A new study released by the Hinrich Foundation in July 2023 evaluated the impact of the implementation of the Uyghur Forced Labor Prevention Act (UFLPA) on Vietnam’s textile and apparel industry.
The study’s findings were based on interviews with “senior leaders and owners of Vietnam’s garment and textile small and medium-sized enterprises (SMEs).” (Note: However, the study didn’t specify when and how many interviews were conducted.) Below are the summarized key findings:
#1: Vietnam’s textile and apparel industry heavily uses cotton imported from China. As noted in the study, in 2021, China accounted for nearly 30% of Vietnam’s cotton imports (ranked #1, $1.48 billion out of total $4.99 billion imports), surpassing the US ($1.05 billion).
#2: Vietnam’s garment exports may contain Xinjiang cotton. According to the study, “Once the cotton arrives in Vietnam, international intermediary manufacturers create finished garments from semi-finished products to export globally, often using the same materials from banned Chinese suppliers. This results in the ‘laundering’ of Xinjiang cotton.”
#3: Vietnam textile and apparel SMEs report challenges in proving the origin of cotton in fabrics. For example, one respondent says, “Differentiating between cotton products coming from different sources is challenging as they might have been blended while being transported by sea. Suppliers from China, Vietnam, Bangladesh, India, and Pakistan may engage in this practice to falsely label Xinjiang cotton as coming from other locations to circumvent this act.”
#4: Vietnam’s textile and apparel SMEs say the UFLPA implementation has negatively affected their exports to the United States.
- CBP’s statistics show that (current as of July 1, 2023), since UFLPA’s implementation in June 2022, a more significant amount of Vietnam’s textiles, apparel, and footwear were affected by law enforcement than those from China (e.g., $20 million vs.$16.2 million investigated and $3.53 million vs.$1.04 million denied access).

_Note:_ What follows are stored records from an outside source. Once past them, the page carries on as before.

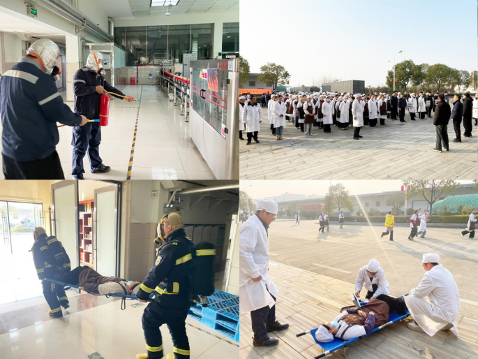 本次演练模拟烘干机内电源线短路引发初期火灾的情景,涵盖火情发现、报警响应、消防控制室联动处置、人员疏散、初期灭火、伤员救护等全流程。随着火灾声光警报器的响起,演练正式开始。防火卷帘门联动下落隔断火势蔓延,生产班长及时疏散引导班组成员快速有序撤离到指定安全区域列队集合,现场指挥立即启动应急预案,灭火组使用干粉灭火器和室内消火栓进行初期火灾扑救,救援组穿戴好消防服和正压式呼吸器进入火灾现场救出受伤人员,医疗救护组对受伤人员实施模拟救治。整个过程紧张有序、衔接顺畅,充分体现了“1分钟响应、3分钟处置、5分钟联动”的应急要求,有效检验了包装车间应急预案的可操作性和全体员工的应急素养。
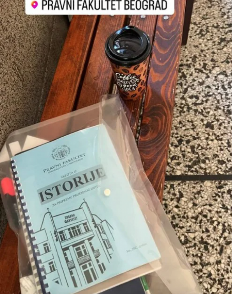 Naime, knjigu je odložila pored sebe, prilikom čega je otkrila da se nalazi na Pravnom fakultetu. što je mnoge zbunilo.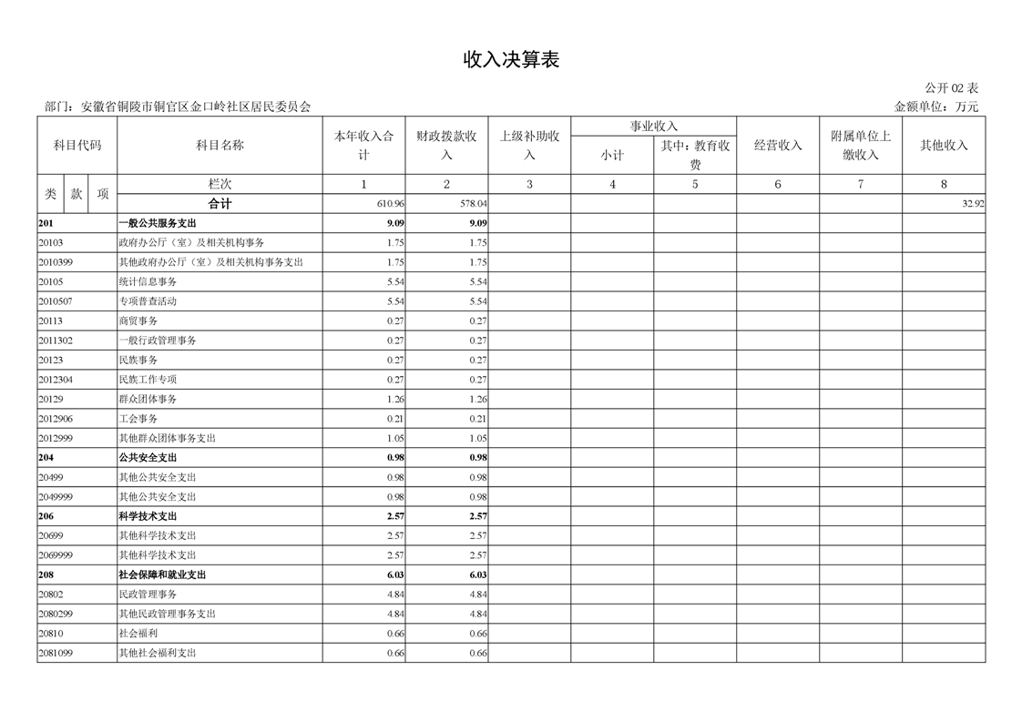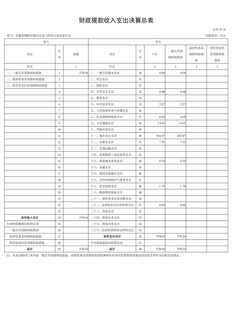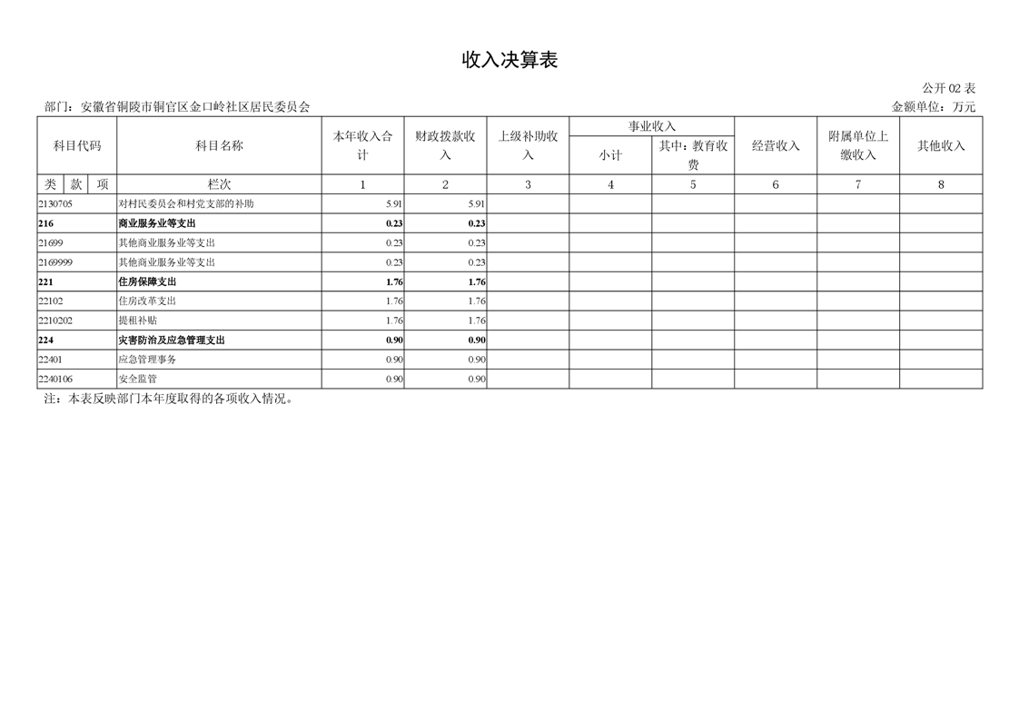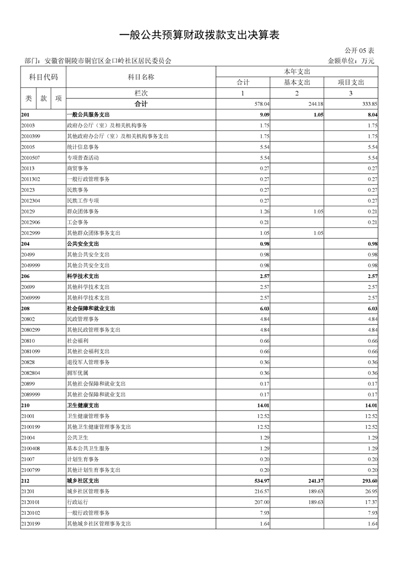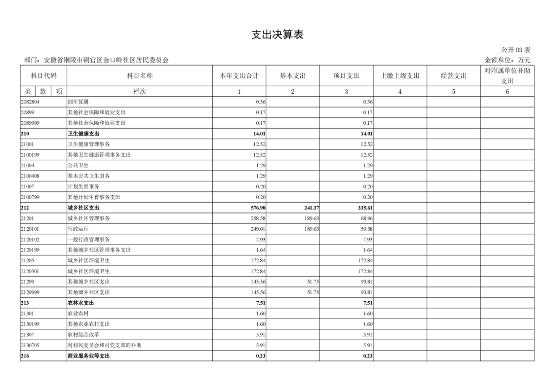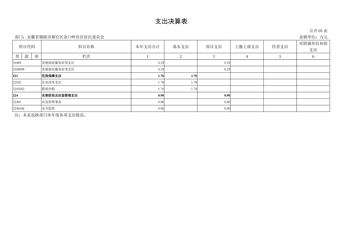 铜官区金口岭社区2024年度部门决算 |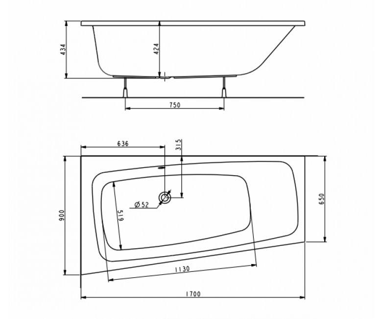 1) Ванна акрилова Kolo Split асиметрична ліва 170х90 см білий

- US fashion companies are sourcing LESS from Vietnam due to forced labor concerns. According to one respondent, “My company is producing apparel products for several US-based fashion brands and uses materials from China and exports to the US. Since UFLPA was in place in June 2022, they have ordered less from us. It seems that our partners feel pressure from the regulators, so they are looking for alternative risk-free suppliers.”
- The surveyed SMEs also expect MORE of Vietnam’s textile and apparel exports to be investigated under the UFLPA enforcement down the road. Some SMEs commented that “it would be hard for US firms to rapidly find alternative suppliers in a short time, therefore more checks on Vietnamese cargoes are to be expected.”
- The study acknowledges that “In the worst-case scenario, Vietnamese SMEs may lose market access if their American importers are unable to verify that the supply chain is free from inputs produced via forced labor.”
#5: UFLPA also increased the trade compliance costs of “Made in Vietnam,” a significant challenge to many SMEs. One respondent commented, “Compliance with the UFLPA may pose a challenge for SMEs due to the higher costs associated with providing the necessary documentation of their supply chains. This could be due to the need to conduct additional audits, hire external consultants, or implement new tracking systems.”
Additionally, the report called for Vietnam’s textile and apparel SMEs to 1) diversify the supply chain, especially using more cotton imports from the US, India, Australia, and Brazil. 2) enhance supply chain traceability (note: how to make it happen remains a big question mark); 3) engage in dialogue with US authorities.